Наконец мне удалось увидеть ее лицо, и предчувствия мои подтвердились: это была Мэри Кингсфорд!
– Мэри! Мэри! – вскрикнул я с отчаянием в голосе. – Мэри! Остановитесь! Ради Неба! Именем вашей матери заклинаю вас!.. именем Ричарда!.. Мэри! Мэри!
Крики мои терялись в воздухе, молодая девушка, казалось, не слышала их и продолжала бежать. Наконец, она вылетела на набережную, всплеснула руками и в ту минуту, когда я лихорадочно думал, как ее удержать, бросилась в мутную бурную реку.
Я пробрался по бревну, конец которого как раз доходил до того места, куда течение должно было вынести Мэри, и попытался ухватить ее за платье, но мокрая ткань выскользнула из моей оцепеневшей руки. Не было другого выхода, как броситься в реку.
Оказавшись в ледяной воде, я сумел схватить девушку за руку и поддерживал ее голову над поверхностью воды. Неудержимое сильное течение прибило нас к барке, канатом причаленной к мосту. Я ухватился за нее левой рукой, правой же вцепился в Мэри.

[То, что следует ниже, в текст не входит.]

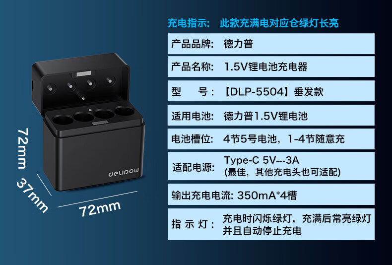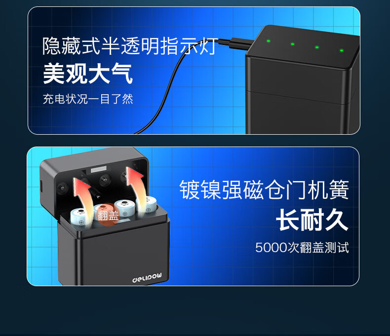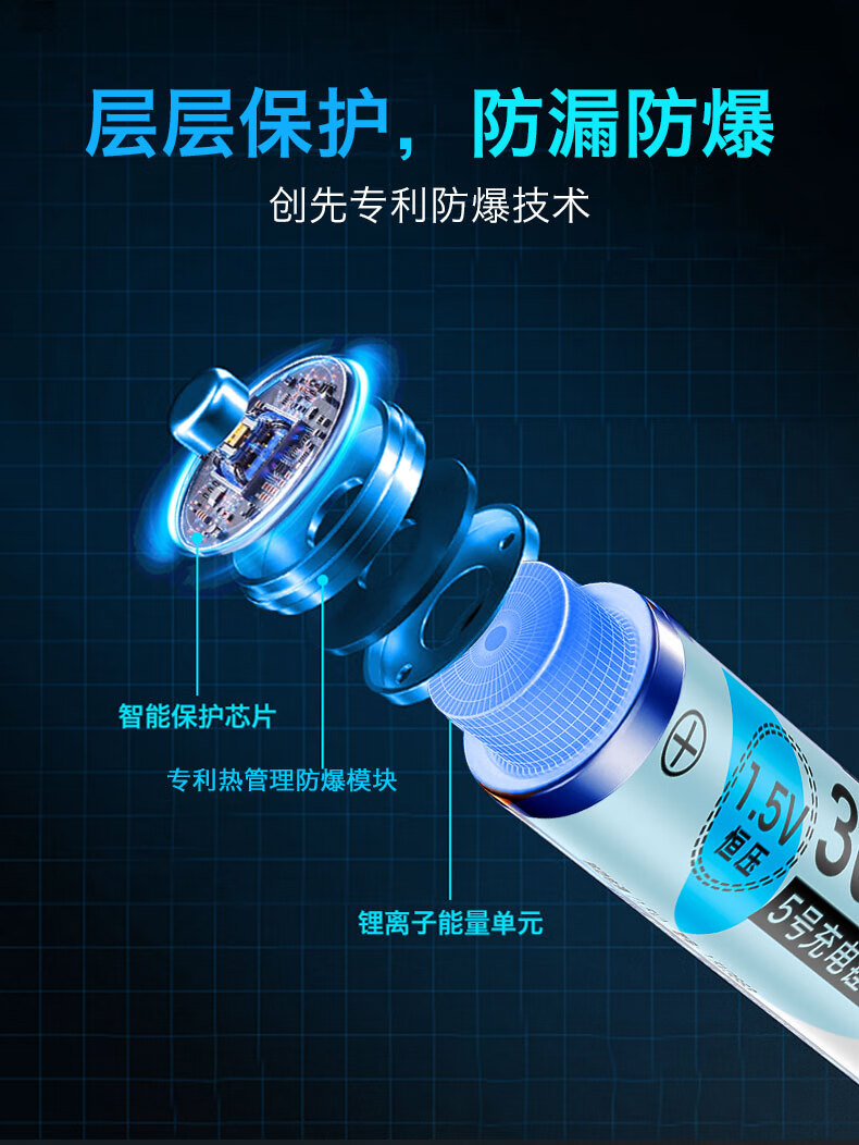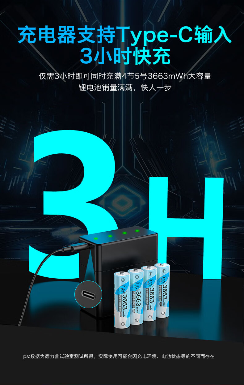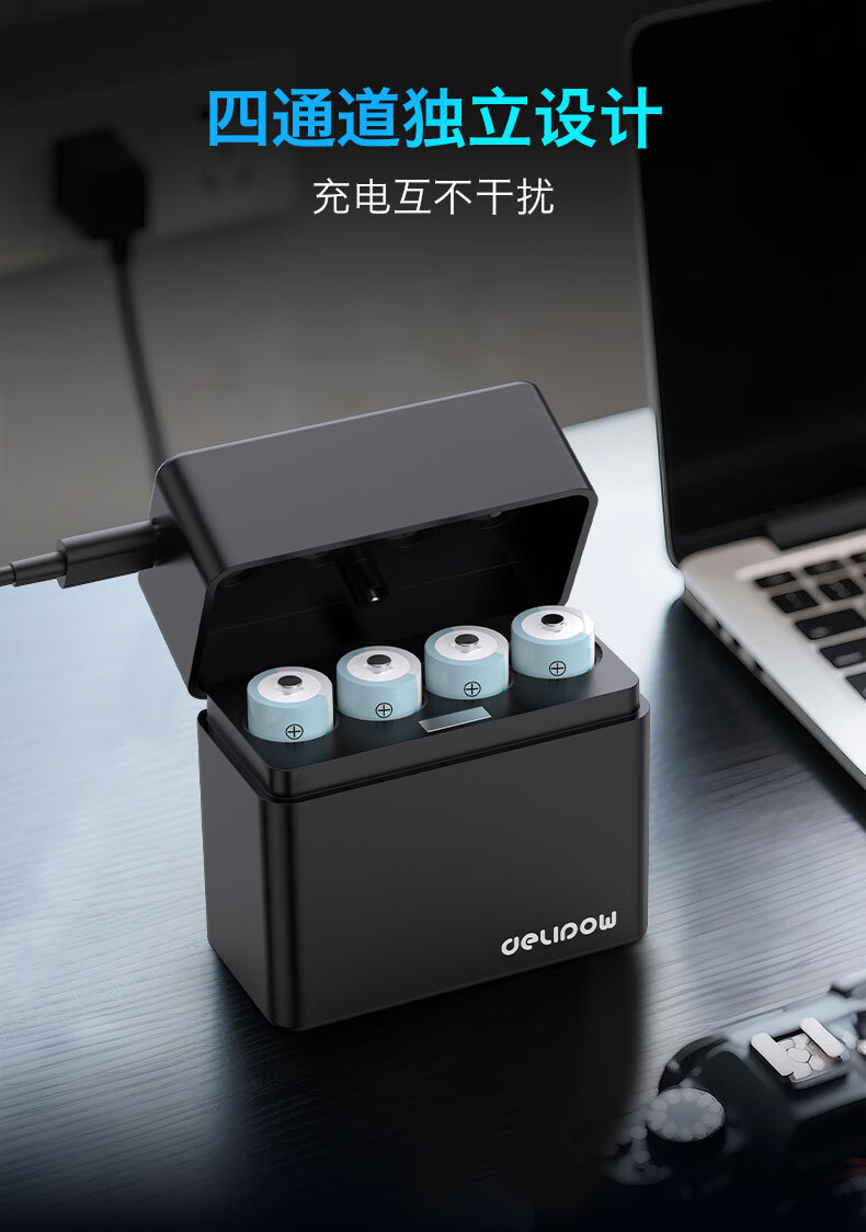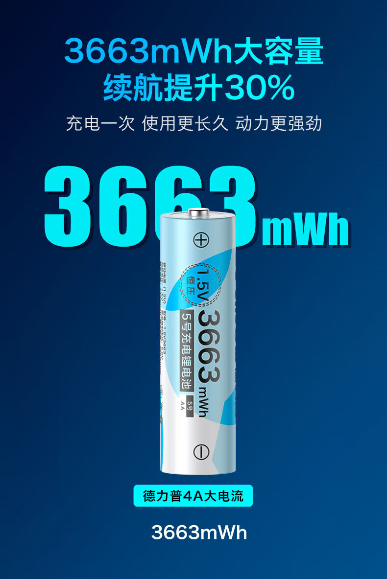 德力普(Delipow)5号充电锂电池8粒3663mWh充电仓套装AA五号1.5V快充适用话筒麦克风/智能门锁/游戏手柄/相机闪光灯

Прохожий, ставший свидетелем бегства девушки и моего упорного безуспешного преследования ее, уже пытался сделать хоть что нибудь для нашего спасения. Он отозвался на мой крик и привел еще людей на помощь. Вскоре нас перенесли в ближайшую таверну, тут ее хозяин дал мне переодеться и развел в камине огонь.
Мэри более двух часов оставалась без памяти. Когда она очнулась, достаточно восстановила силы и когда уже можно было без опасения перевезти ее к моей жене, я велел вызвать карету. Мы уже собрались было ехать, как вдруг распахнулась дверь, и в комнату вошли двое знакомых мне полицейских чиновников.
Появление моих сослуживцев крайне меня удивило, но это чувство, возникшее от их чрезвычайно официального вида, переросло в испуг, когда Мэри вдруг вскочила с кресла, в которое ее уложили, и, через силу дотащившись до меня, с каким то безумным отчаянием стала умолять, чтоб я спас ее.
– Вас спасти, Мэри? Вас спасти? Господа, что значит ваше присутствие в этом доме и страх, который вы возбуждаете у этой несчастной?
– Это то значит, сударь, – с надменностью ответил один из полицейских, – что девушка, которая так беззастенчиво прибегла к вашему покровительству, виновна в дерзкой краже.
– Нет! Неправда! Я ничего не украла! – дрожащим голосом вскрикнула Мэри.
– Разумеется, вы не виновны, – с иронией подхватил полицейский, – так всегда говорят, но ведь это еще надо доказать… Что бы вы ни говорили, а бриллиантовая булавка, которую вы так ловко вытащили у ее владельца, оказалась в вашем чемодане. Не угодно ли вам объяснить это полицейскому комиссару? Мы уже более трех часов гоняемся за вами… Пожалуйста, не утруждайте нас более.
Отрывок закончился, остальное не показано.